[Work to be completed] Starting from the line with "12月19日(木)よりクリス" and going up to and including the line with "Трубка аудиодомофона УКП-7М", copy the listing below exactly. Leave all images out.

[Information supplied]
+--
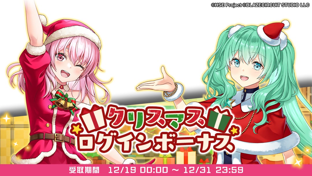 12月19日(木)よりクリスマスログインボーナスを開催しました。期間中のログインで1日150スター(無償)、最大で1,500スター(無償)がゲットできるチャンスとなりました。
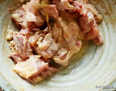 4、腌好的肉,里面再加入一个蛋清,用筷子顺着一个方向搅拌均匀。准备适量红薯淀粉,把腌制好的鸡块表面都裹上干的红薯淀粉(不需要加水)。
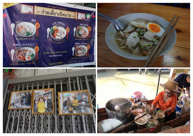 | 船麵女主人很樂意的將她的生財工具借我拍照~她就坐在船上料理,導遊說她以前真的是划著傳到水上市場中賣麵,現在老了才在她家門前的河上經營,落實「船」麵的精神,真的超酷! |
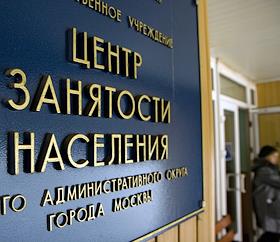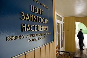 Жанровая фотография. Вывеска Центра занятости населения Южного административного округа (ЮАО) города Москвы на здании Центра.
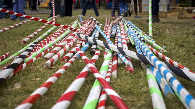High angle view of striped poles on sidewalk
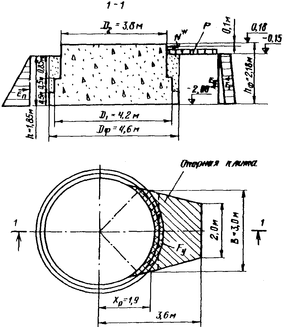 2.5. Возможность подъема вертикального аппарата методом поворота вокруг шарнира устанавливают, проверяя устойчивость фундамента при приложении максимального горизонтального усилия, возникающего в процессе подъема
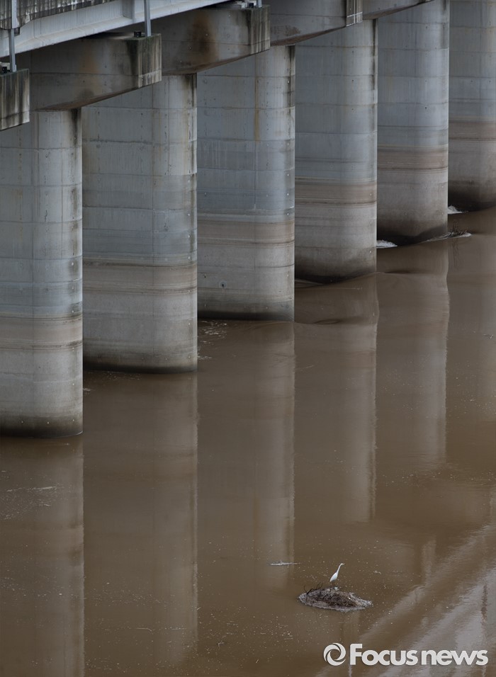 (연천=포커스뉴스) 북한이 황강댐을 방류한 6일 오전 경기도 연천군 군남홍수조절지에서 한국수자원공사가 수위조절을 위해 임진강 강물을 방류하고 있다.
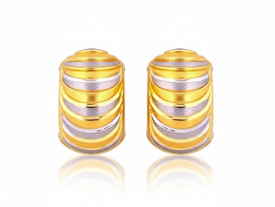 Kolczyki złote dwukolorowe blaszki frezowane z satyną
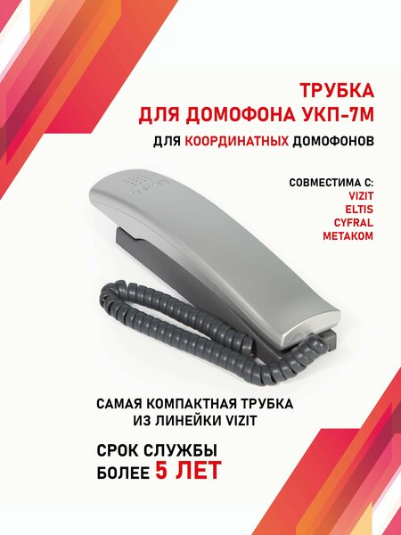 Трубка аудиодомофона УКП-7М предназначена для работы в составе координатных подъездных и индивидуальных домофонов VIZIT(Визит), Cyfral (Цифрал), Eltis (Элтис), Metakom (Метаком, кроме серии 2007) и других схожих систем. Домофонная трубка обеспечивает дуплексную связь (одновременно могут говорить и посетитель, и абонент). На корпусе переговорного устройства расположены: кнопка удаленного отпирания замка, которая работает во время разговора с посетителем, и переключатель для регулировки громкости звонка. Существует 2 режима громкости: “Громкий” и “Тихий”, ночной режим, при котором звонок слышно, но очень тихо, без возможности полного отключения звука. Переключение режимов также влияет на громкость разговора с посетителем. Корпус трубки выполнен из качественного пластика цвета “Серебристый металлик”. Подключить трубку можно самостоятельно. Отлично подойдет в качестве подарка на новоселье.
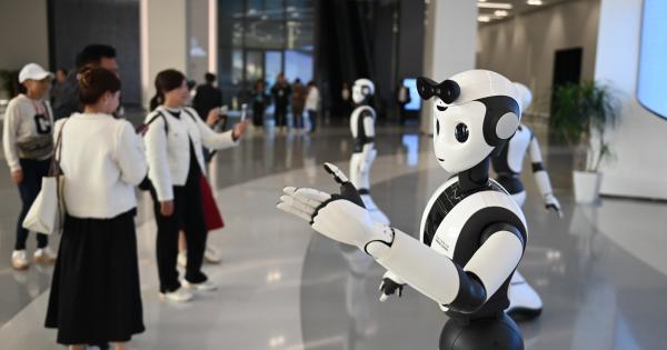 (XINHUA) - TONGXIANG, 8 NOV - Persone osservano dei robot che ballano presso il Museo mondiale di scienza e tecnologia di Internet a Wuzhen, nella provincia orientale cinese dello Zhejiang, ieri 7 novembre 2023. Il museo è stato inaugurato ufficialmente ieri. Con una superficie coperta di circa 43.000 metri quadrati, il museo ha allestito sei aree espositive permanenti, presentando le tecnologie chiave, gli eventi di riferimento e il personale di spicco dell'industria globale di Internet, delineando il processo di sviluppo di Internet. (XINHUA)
+--
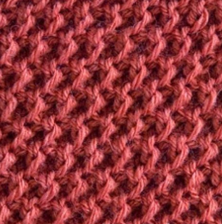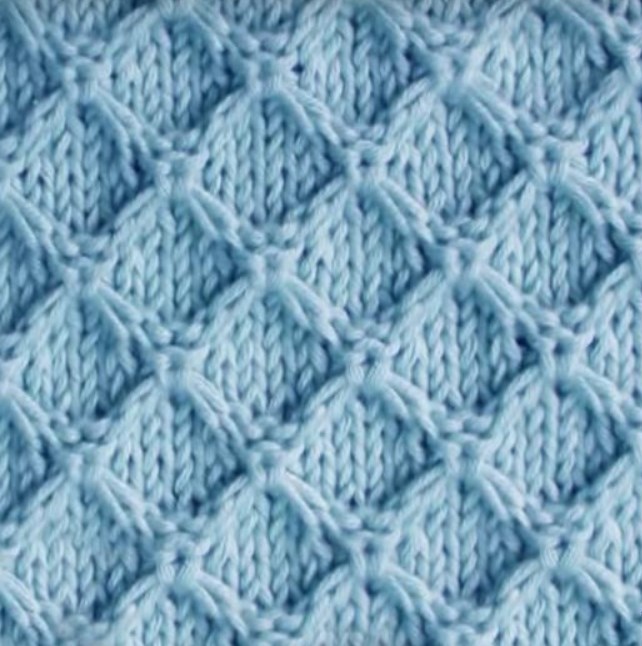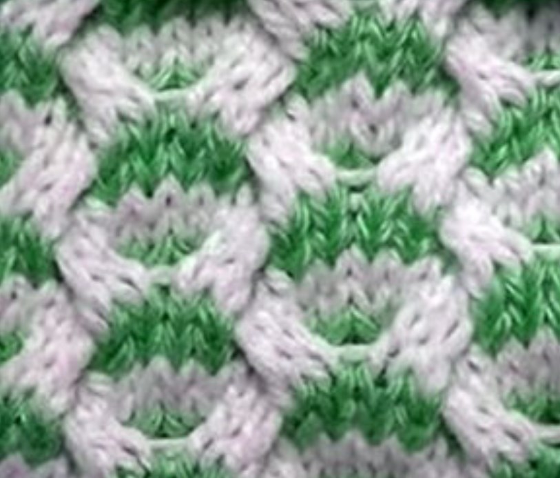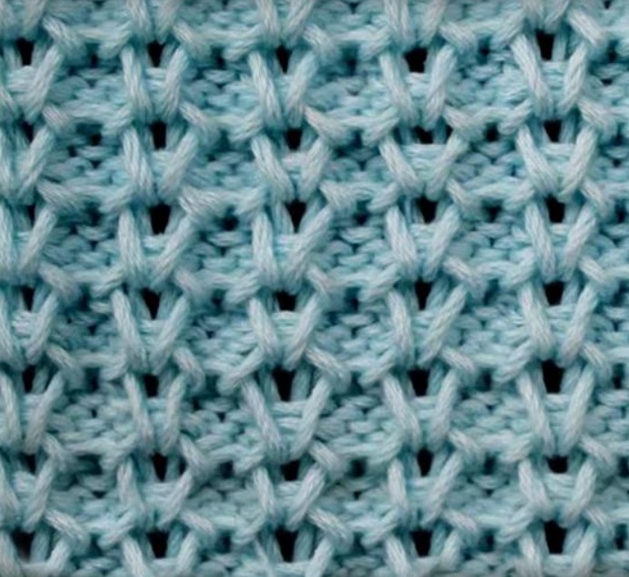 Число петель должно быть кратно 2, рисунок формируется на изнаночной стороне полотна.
+--
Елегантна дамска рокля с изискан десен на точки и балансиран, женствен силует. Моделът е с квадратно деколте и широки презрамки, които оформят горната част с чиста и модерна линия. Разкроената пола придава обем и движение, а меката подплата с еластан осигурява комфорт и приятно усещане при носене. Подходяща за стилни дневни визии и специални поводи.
+--
[Answer for this exercise]
 12月19日(木)よりクリスマスログインボーナスを開催しました。期間中のログインで1日150スター(無償)、最大で1,500スター(無償)がゲットできるチャンスとなりました。
 4、腌好的肉,里面再加入一个蛋清,用筷子顺着一个方向搅拌均匀。准备适量红薯淀粉,把腌制好的鸡块表面都裹上干的红薯淀粉(不需要加水)。
 | 船麵女主人很樂意的將她的生財工具借我拍照~她就坐在船上料理,導遊說她以前真的是划著傳到水上市場中賣麵,現在老了才在她家門前的河上經營,落實「船」麵的精神,真的超酷! |
 Жанровая фотография. Вывеска Центра занятости населения Южного административного округа (ЮАО) города Москвы на здании Центра.
High angle view of striped poles on sidewalk
 2.5. Возможность подъема вертикального аппарата методом поворота вокруг шарнира устанавливают, проверяя устойчивость фундамента при приложении максимального горизонтального усилия, возникающего в процессе подъема
 (연천=포커스뉴스) 북한이 황강댐을 방류한 6일 오전 경기도 연천군 군남홍수조절지에서 한국수자원공사가 수위조절을 위해 임진강 강물을 방류하고 있다.
 Kolczyki złote dwukolorowe blaszki frezowane z satyną
 Трубка аудиодомофона УКП-7М предназначена для работы в составе координатных подъездных и индивидуальных домофонов VIZIT(Визит), Cyfral (Цифрал), Eltis (Элтис), Metakom (Метаком, кроме серии 2007) и других схожих систем. Домофонная трубка обеспечивает дуплексную связь (одновременно могут говорить и посетитель, и абонент). На корпусе переговорного устройства расположены: кнопка удаленного отпирания замка, которая работает во время разговора с посетителем, и переключатель для регулировки громкости звонка. Существует 2 режима громкости: “Громкий” и “Тихий”, ночной режим, при котором звонок слышно, но очень тихо, без возможности полного отключения звука. Переключение режимов также влияет на громкость разговора с посетителем. Корпус трубки выполнен из качественного пластика цвета “Серебристый металлик”. Подключить трубку можно самостоятельно. Отлично подойдет в качестве подарка на новоселье.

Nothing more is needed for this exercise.